Victor Nuovo: Justice and happiness

Editor’s note: This is the fifth in a series of essays or reflections about “The Republic,” a book written two and a half millennia ago by the great philosopher Plato.
What is justice? Before Socrates could even begin to answer this question, his friends confronted him with another problem that any adequate account of what justice is must solve. We all agree that justice is good, but what sort of good is it? Is it good because it is useful or necessary to some higher purpose, or because it is something valued for its own sake, like health or beauty, or is it both of these?

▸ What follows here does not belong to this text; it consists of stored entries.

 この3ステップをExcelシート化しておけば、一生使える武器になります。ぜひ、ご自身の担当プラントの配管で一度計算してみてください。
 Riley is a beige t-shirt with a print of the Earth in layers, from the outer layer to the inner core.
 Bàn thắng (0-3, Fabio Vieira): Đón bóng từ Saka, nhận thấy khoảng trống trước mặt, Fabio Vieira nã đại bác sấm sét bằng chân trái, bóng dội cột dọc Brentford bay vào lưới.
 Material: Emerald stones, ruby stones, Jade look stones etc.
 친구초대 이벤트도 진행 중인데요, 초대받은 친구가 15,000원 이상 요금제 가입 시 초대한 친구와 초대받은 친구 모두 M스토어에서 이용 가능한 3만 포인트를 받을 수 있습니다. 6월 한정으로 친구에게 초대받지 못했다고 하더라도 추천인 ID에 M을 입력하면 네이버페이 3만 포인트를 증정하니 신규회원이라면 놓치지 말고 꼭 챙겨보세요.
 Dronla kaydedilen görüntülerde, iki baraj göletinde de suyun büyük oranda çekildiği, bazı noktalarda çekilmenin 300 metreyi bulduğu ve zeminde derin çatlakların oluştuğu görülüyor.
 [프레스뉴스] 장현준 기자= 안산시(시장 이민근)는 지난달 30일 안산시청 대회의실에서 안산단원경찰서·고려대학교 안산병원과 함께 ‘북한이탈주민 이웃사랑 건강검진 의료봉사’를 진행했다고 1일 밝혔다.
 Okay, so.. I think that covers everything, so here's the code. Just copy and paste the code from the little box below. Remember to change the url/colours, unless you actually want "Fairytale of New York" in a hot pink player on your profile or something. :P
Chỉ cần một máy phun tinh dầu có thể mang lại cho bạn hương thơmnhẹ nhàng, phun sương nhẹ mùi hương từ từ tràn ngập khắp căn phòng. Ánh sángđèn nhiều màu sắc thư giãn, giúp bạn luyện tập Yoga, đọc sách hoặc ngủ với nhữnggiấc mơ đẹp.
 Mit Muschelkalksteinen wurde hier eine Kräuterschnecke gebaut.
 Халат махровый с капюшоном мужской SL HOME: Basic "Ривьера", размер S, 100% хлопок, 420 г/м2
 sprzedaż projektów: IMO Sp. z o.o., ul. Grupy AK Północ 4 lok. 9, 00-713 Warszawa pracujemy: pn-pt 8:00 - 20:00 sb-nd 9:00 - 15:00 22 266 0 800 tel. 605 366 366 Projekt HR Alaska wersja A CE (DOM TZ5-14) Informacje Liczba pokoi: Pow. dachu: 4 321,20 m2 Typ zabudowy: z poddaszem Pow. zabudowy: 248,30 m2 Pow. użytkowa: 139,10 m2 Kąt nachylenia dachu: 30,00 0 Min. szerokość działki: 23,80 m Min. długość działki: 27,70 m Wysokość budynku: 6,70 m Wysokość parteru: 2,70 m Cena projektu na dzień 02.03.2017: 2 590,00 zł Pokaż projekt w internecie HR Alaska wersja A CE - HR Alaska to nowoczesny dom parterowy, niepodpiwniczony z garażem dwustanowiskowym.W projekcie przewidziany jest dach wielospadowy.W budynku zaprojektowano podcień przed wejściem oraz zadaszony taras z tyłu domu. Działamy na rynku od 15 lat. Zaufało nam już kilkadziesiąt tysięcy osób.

The friends, who by the way are Plato’s older brothers, Glaucon and Adeimantus, and who are Socrates’ principal interlocutors through the rest of the dialogue, wish that it were the latter, for something that is both useful and valued for its own sake is the best sort of good, a supreme good. However, they fear justice belongs to the first and worst sort of good. They worry that is like a bitter pill, or like dieting or exercise to keep trim and fit, or like rules that we obey grudgingly or out of fear of punishment, rules that prevent us from doing things we would prefer to do if we could do them with impunity, and we feel a mixture of envy and resentment towards those who live selfishly and get away with it, who always do what serves them best and are never called to judgment.
Thus, it may be that injustice is what we all really desire, and that justice is merely something we need to avoid suffering injustice at the hands of other persons. Justice in this latter sense is a remedy, a compromise between what is best, which is freedom to do what seems best for oneself, unrestricted megalomaniacal self-indulgence, and what is worst of all is to suffer injustice or to live in never-ending fear of it.
One must be very clear about the issue that Socrates’ friends are addressing. It is not a question whether we humans are by nature just or unjust, but whether justice is a mere expedient and unpleasant remedy of the chronic ills we humans are heir to, or whether it is something that we love and desire for its own sake and hence seek after, and which, when discovered is able to make us perfectly happy.
It sounds religious, but it is not. It is philosophical in a Socratic sense. What sort of thing, then, is Justice? It is an idea. It is an intelligible something that the mind is able to discover, examine and understand, and apply to all of life’s circumstances, but only by means of rational learning.
But I am getting ahead of myself. Return to happiness. The question is whether justice is a sufficient cause of happiness, whether by knowing what justice is and being just, and, perhaps, only in this way, we will be happy. Well, what is happiness? The Greek word commonly translated “happiness” is eudaimonia, which literally means having a good divine presence. Among its related meanings are having good luck and the sense of satisfaction comes with it, or a good conscience, or an exuberant feeling, an elevated sense of wellbeing, a joy of living, of sitting on top of the world. If happiness is all these things, can we suppose that knowing what justice is and becoming just will give us all these things? Once again, justice is not a reward that is superadded to living justly, rather it is an essential part of the experience of being just; doing justice must be enjoyable.
The sum of all this is expressed in the familiar expression “Justice is its own reward.” Justice, then, is a virtue, a human and social excellence; it is the supreme excellence. It perfects the soul of the individual and of the society that adhere to it. Perfect human beings, and perfect civil societies are happy by being just. If justice is the art of governing either oneself or a society, there must be joy in the very practice of it.
Now we can begin to see the enormous task that Plato assumed when he undertook to write the Republic: to prove that this is so, by discourse and by reasoning, and why it is so important that we read it and consider what it teaches us. It is a work of perennial value.
Plato has been aptly described by a former teacher of mine as “a dramatist of the life of reason” and the Republic as his consummate achievement. It is a philosophical drama in five acts, and had I the necessary skills to do it, which I know I do not, I would have liked to present it on the stage, rather than as a series of plain expositions in print. I mention this only because there is abundant talent in this town to do it.
In any case, on this analogy, I have now finished Act One, and after a brief intermission, the second act will begin. What I have called the first act covers the first book and the first half of the second book of the Republic. Act Two continues from the second half of the second book through Book iv. Act Three takes up Books v–vii, Act Four, Books viii–ix. Last comes Act Five, which is a sort of epilogue; it occupies Book x. Readers please take note.